**Description of the task**
When writing out the entries below, keep only the lines from the line with "보도블록을 청소하고 있다. |" to the line with "Big Dot of Happiness", both included, exactly as they are, and leave the pictures aside.

**Dataset entries**
===============
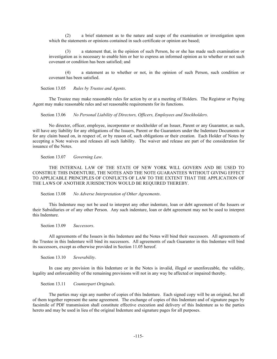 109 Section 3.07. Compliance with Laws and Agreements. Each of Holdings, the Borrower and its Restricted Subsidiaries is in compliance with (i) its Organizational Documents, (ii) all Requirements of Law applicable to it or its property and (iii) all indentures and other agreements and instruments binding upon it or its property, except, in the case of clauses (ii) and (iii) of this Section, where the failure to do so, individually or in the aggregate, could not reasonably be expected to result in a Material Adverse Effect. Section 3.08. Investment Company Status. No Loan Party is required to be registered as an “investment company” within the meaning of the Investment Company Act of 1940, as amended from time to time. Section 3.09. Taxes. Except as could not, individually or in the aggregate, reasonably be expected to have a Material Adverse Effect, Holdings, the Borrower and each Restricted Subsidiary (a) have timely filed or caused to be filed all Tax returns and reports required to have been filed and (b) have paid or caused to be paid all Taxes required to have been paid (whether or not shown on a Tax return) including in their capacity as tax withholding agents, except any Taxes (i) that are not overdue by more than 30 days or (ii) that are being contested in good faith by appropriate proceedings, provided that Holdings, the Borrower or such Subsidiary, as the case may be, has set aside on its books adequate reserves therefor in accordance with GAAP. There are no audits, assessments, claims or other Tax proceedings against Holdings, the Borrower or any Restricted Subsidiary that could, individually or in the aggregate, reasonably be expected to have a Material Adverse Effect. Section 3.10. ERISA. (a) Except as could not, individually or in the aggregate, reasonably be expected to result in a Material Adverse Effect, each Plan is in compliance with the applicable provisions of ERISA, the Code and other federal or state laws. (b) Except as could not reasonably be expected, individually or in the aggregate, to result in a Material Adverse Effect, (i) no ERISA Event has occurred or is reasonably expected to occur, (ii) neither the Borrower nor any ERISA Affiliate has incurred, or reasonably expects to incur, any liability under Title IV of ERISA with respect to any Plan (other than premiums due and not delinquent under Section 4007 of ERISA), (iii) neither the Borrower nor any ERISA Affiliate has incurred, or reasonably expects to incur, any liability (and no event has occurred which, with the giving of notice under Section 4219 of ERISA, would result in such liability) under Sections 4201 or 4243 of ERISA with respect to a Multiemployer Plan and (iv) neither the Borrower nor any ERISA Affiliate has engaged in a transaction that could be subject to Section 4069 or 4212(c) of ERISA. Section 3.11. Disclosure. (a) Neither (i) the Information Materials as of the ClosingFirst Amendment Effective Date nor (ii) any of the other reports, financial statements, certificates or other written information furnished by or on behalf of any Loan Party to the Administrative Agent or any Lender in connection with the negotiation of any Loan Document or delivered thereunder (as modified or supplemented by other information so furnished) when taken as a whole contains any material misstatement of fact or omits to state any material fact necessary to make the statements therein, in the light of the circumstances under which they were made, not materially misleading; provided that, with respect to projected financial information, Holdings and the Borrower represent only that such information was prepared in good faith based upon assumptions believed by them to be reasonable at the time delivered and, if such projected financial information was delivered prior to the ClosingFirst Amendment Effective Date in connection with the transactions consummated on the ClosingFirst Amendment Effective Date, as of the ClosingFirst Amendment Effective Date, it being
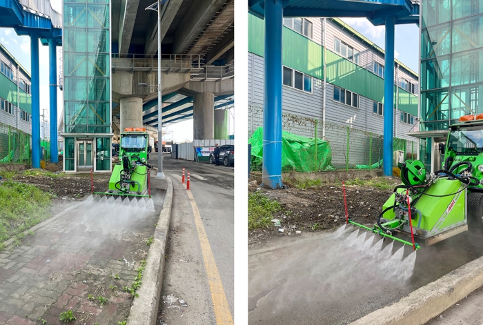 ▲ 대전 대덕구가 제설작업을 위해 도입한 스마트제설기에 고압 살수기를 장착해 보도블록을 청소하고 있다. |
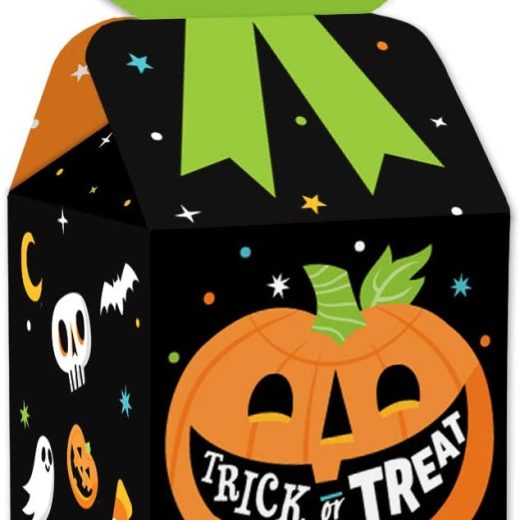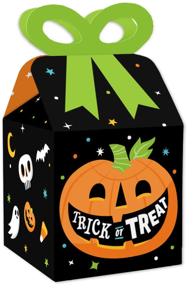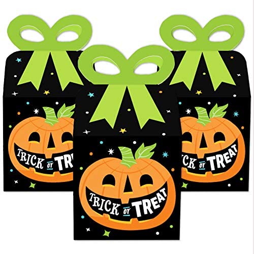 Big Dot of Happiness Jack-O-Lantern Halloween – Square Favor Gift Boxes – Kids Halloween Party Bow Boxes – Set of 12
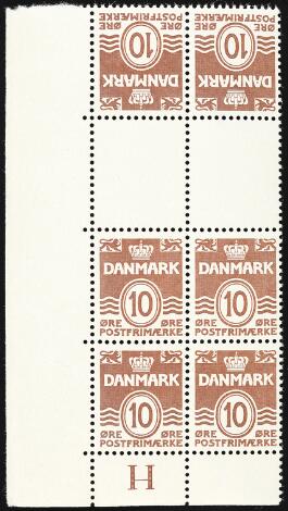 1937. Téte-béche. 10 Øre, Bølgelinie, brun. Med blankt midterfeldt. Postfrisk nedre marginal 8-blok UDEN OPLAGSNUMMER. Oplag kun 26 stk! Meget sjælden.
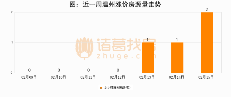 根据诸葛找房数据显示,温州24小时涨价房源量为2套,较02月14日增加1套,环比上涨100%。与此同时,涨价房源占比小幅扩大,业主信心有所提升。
===============
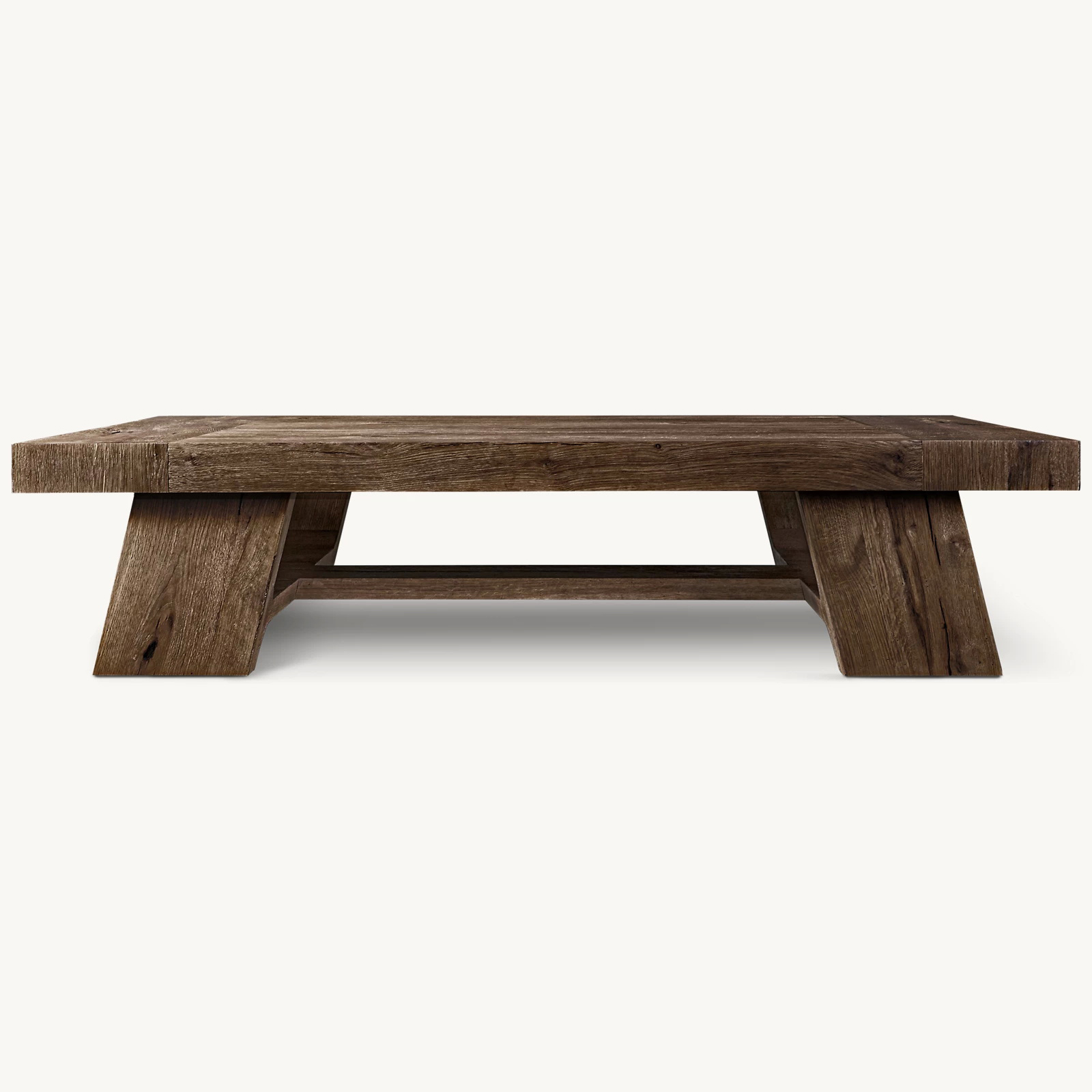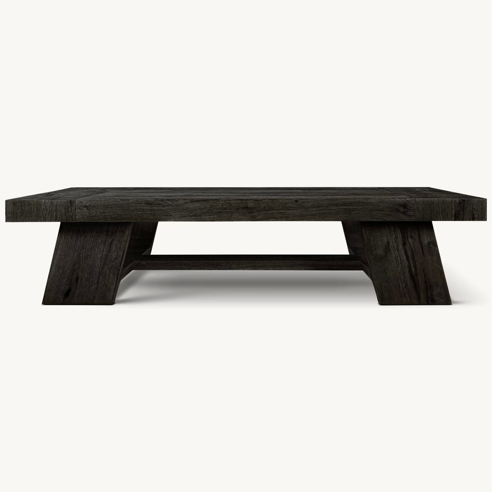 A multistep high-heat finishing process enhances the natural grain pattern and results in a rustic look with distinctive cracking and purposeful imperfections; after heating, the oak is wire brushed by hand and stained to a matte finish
===============
**Exercise response**
 ▲ 대전 대덕구가 제설작업을 위해 도입한 스마트제설기에 고압 살수기를 장착해 보도블록을 청소하고 있다. |
 Big Dot of Happiness Jack-O-Lantern Halloween – Square Favor Gift Boxes – Kids Halloween Party Bow Boxes – Set of 12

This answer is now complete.